Maria, Madalena e nós, as catadoras de pérolas

segunda-feira, 24 de setembro de 2018

Tão logo adentrei a sala, vi um embrulho com o selo dos correios. Com curiosidade, abri o pacote e coloquei em meus braços o livro, “Maria Madalena: o evangelho segundo Maria, lançado em 2018, pela Geração Editorial, cujo autor é Armando Avena, um primo, que mergulhou com delicadeza e profundidade na alma feminina através de Maria e de Maria Madalena, figuras religiosas que trazem em suas trajetórias literárias a essência da mulher.

Armandinho foi corajoso em escrever a respeito de um tema tão instigante, emocionante e audacioso, pensei.   

Mergulhada no sofá, comecei a ler, ingerindo as ideias, degustando a mulher delineada em suas claras e suaves palavras. A narrativa foi, a cada página, tocando meu ego humano e feminino.

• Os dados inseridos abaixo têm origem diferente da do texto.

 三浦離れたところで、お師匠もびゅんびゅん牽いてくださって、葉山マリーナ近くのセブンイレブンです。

A leitura me remeteu ao Genesis, que já tinha lido com olhos de escritora, cujo texto não me pareceu não distinguir a mulher do homem. Pelo contrário, sendo criada a partir de uma costela de Adão, Eva constitui-se como companheira, tendo o sentido de completude em sua essência. Ambos se tornam parceiros no Jardim do Éden, duas forças opostas, pelas suas diferenças, e complementares, pelas suas incompletudes.

Na China Milenar, especialmente no oráculo I Ching, cujo texto também pode ser tomado pelo caráter literário, e que se supõe ser o primeiro livro editado no planeta, eles foram descritos como o Yin e o Yang, o masculino e o feminino; sempre em processo de mutação, aproximação e encontro, emergindo no instante único entre o passado e o futuro, coexistindo com divergências, tendendo à derrota, com vitórias ocasionais. Sempre fazendo vínculos e reencontrando os ecos do tempo, criando e construindo linguagens.

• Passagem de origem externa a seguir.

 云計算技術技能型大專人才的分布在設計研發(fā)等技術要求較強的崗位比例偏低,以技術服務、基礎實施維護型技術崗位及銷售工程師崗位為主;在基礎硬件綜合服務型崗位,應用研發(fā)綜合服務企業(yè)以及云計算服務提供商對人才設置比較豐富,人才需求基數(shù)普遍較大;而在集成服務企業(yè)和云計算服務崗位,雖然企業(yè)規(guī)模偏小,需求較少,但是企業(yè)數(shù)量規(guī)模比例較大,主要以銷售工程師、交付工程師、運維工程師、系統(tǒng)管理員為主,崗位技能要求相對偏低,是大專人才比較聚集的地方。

A literatura acompanhou a trajetória feminina ao longo de milênios. Esta criatura sensível, criativa e sensitiva foi se aprimorando como uma catadora de pérolas, passando por transformações históricas e culturais, que fez com que sua força e inteligência se tornassem invisíveis, tal qual a intuitiva Penélope, que passou dez anos em Ítaca, tecendo, a espera do retorno de Ulisses. Não muito diferente foi a perspicaz Sherazade. Ou como a sedutora Sita, da lenda indiana Cabeças Trocadas, de Thomas Mann.

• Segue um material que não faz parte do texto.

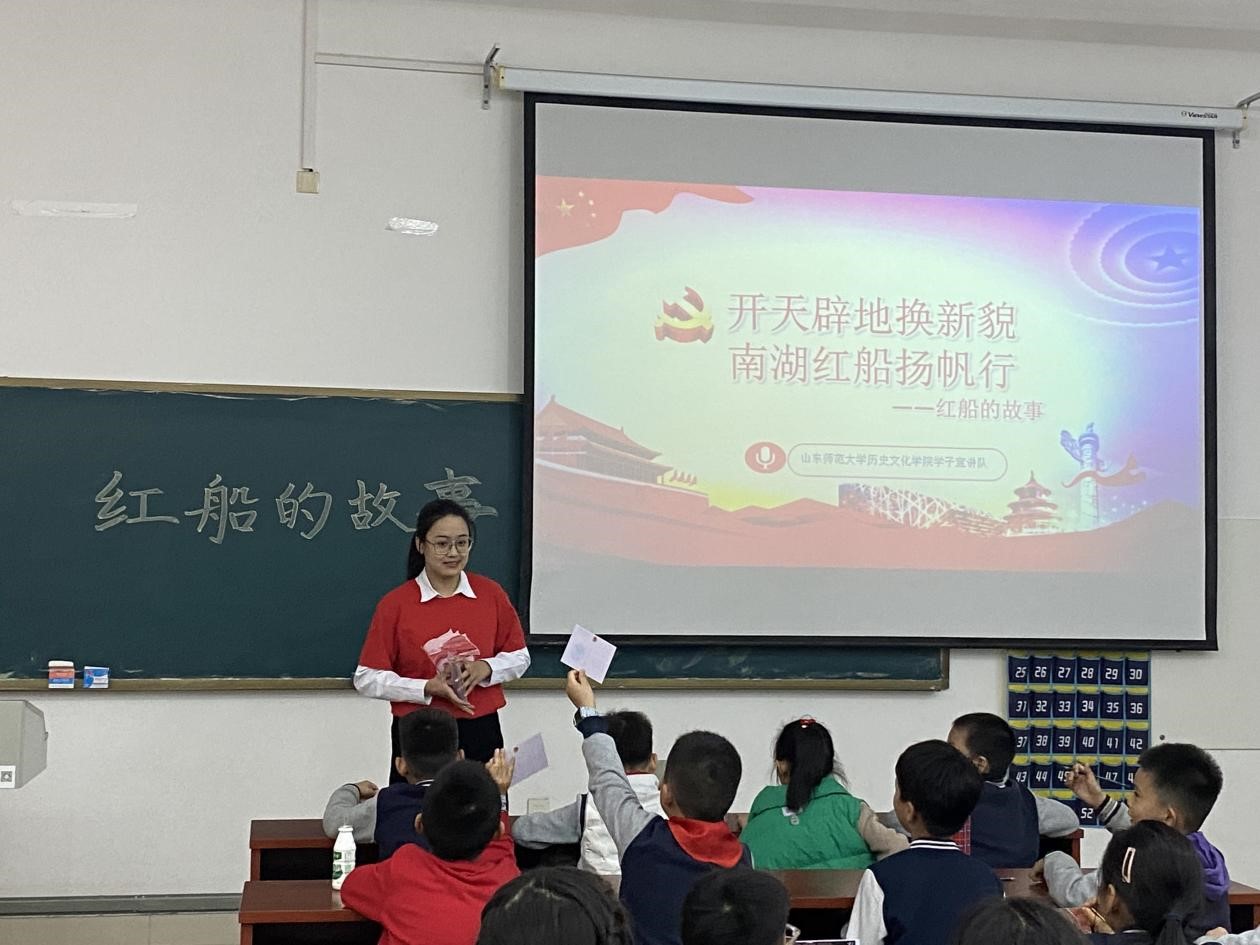 3月16日下午,山东师范大学附属小学二年级的部分学生来到我校长清湖校区开展研学活动。在崇德楼114教室,我院学子宣讲队队员高怡清开展了题为“开天辟地换新貌,南湖红船扬帆行——红船的故事”的宣讲,为小朋友们讲述了一堂有趣、生动的党史课。在场的20余名小朋友、部分老师及家长参与本次活动。

Hoje, a mulher continua a ser retratada pela literatura através de um número incontável de personagens, sempre reconfigurada em cada obra. São criaturas fictícias que influenciam a vida de viventes pelas características irresistíveis e fascinantes que possuem. São como entidades que ganham estado de existência, superando até a do próprio autor. Ah, Capitu, Macabea e Emília saíram personificadas das páginas dos livros!

Todas, entretanto, trazem a essência da mulher da literatura clássica. Mesmo com todas as transformações da modernidade, a mulher nunca deixou de trazer um útero em seu ventre, um terceiro olhar entre seus olhos e de ter um clitóris em sua anatomia, único órgão do ser humano que tem a função de dar prazer. Maria e Maria Madalena sabiam disso, mais do que a bela da tarde.

Para findar, todas as personagens marcantes possuem largos bolsos em que guardam pérolas.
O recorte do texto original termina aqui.